Брет Гарт - Том 5. Рассказы 1885-1897
— Но любовь, преклонение — разве этого ей не довольно? — проговорил он, задумчиво пощипывая свои жидкие усики.
— Нет, не довольно, — отрезал я. — А тебе не мешает понять, что она не чета этим твоим Мануэлам и Карменситам.
— Извини, друг мой, — важно возразил он, — но эти женщины, они всегда одинаковы. У нас, испанцев, есть пословица. Слушай: «Пронзит ли толедский клинок атлас или овчину, он отыщет и ранит под ними все то же сердце». Я — или, быть может, ты, мой друг, — и есть тот толедский клинок. А потому последуем же вместе и немедля за этой мисс из Бостона.
Но я продолжал крепко держать Энрикеса за руку и сумел на время укротить его стремительный порыв. Он постоял, усердно дымя сигарой, но через миг вновь рванулся вперед.
— Последуем же за ней хотя бы сзади, в отдалении, как того требует учтивость: мы пройдем мимо. ее дома, мы будем смотреть на него, это тронет ее сердце.
Как ни глупо было сопровождать подобным образом девушку, с которой я фактически только что расстался, я знал, что Энрикес вполне способен предпринять преследование в одиночку, и рассудил, что лучше будет уступить и пойти с ним вместе; тем не менее я счел необходимым заметить:
— Я должен тебя предупредить: мисс Мэннерсли и так уже воспринимает твои выходки на танцах как нечто дикое и ни с чем не сообразное, так что на твоем месте я не стал бы вытворять ничего такого, что могло бы усугубить это впечатление.
— Ты хочешь сказать, что она шокирована? — серьезно осведомился Энрикес.

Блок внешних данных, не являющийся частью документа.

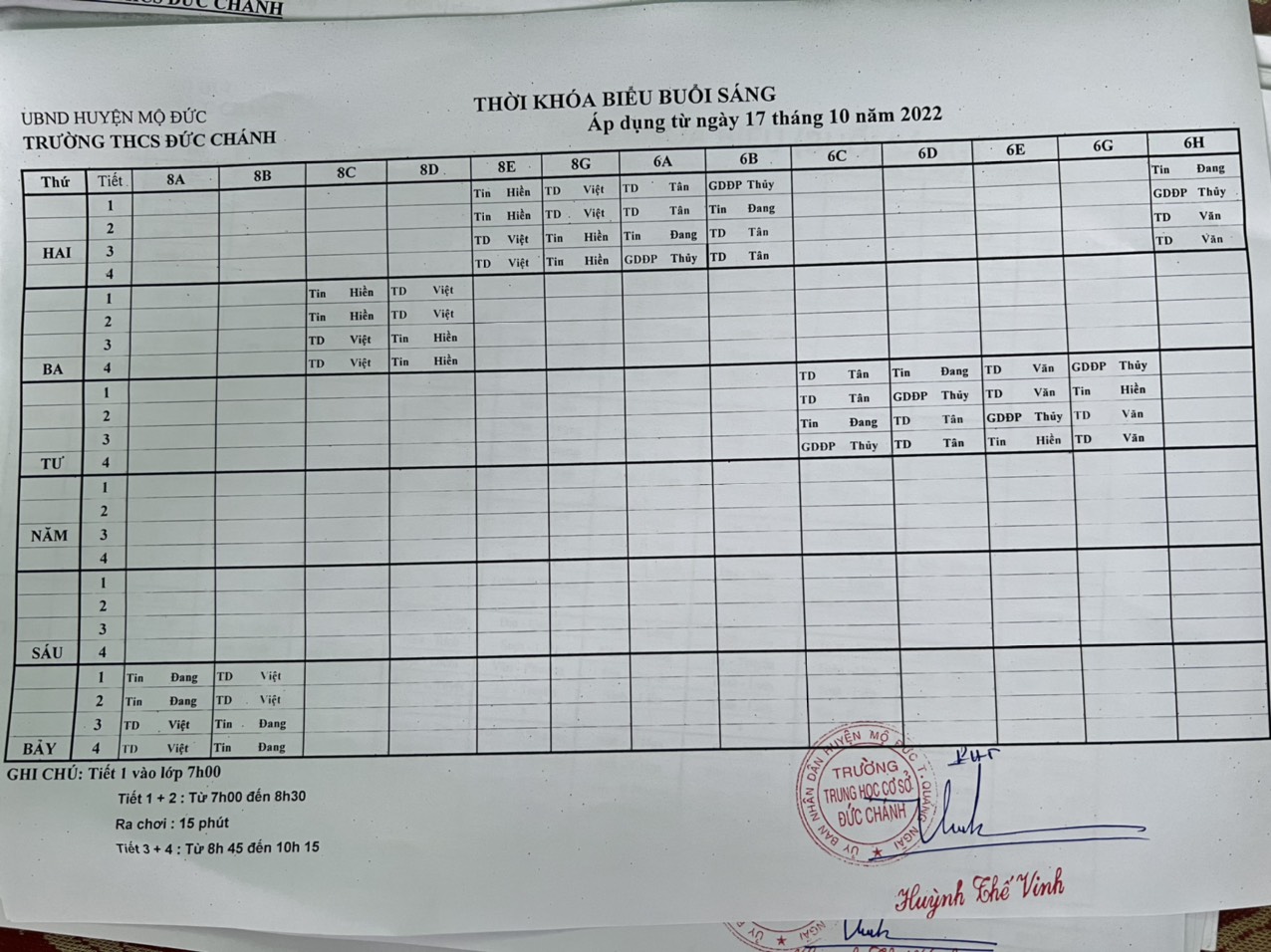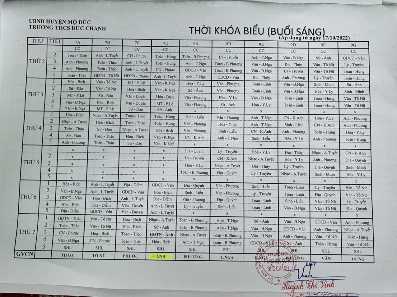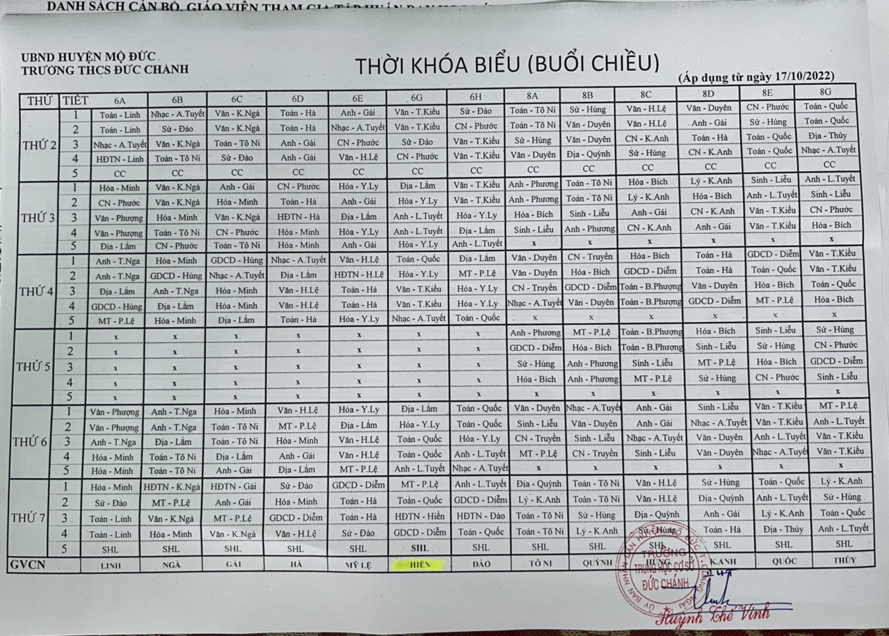 THỜI KHÓA BIỂU (áp dụng từ ngày 17/10 đến 22/10/2022)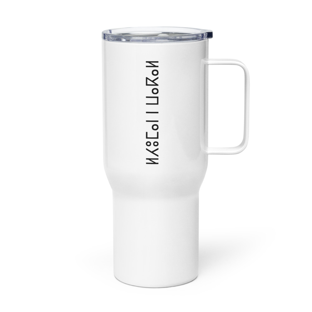 Large White Thermal Travel Mug with Handle-Spill-Resistant Clear Lid

Я чувствовал, что, положа руку на сердце, не могу этого утверждать, и мое замешательство не укрылось от него.
— Так, значит, она просто завидует, — с невыносимым самодовольством заключил он. — Ты видишь? Я же говорил. Всегда то же самое.
Я не выдержал.
— Слушай, Гарри, — сказал я, — если уж хочешь знать, она смотрит на тебя, как на акробата, как на платного трюкача.
— А! —Его черные глаза сверкнули. — Тореро, человек, который сражается с быком, он тоже акробат.
— Да, но она считает тебя клоуном, комедиантом, — ясно?
— Стало быть, я ее рассмешил? — невозмутимо произнес он.
Я не был в этом уверен, но предпочел пожать плечами.
— Прекрасно! — бодро продолжал он. — Любовь, она начинается смехом; она кончается — вздохом.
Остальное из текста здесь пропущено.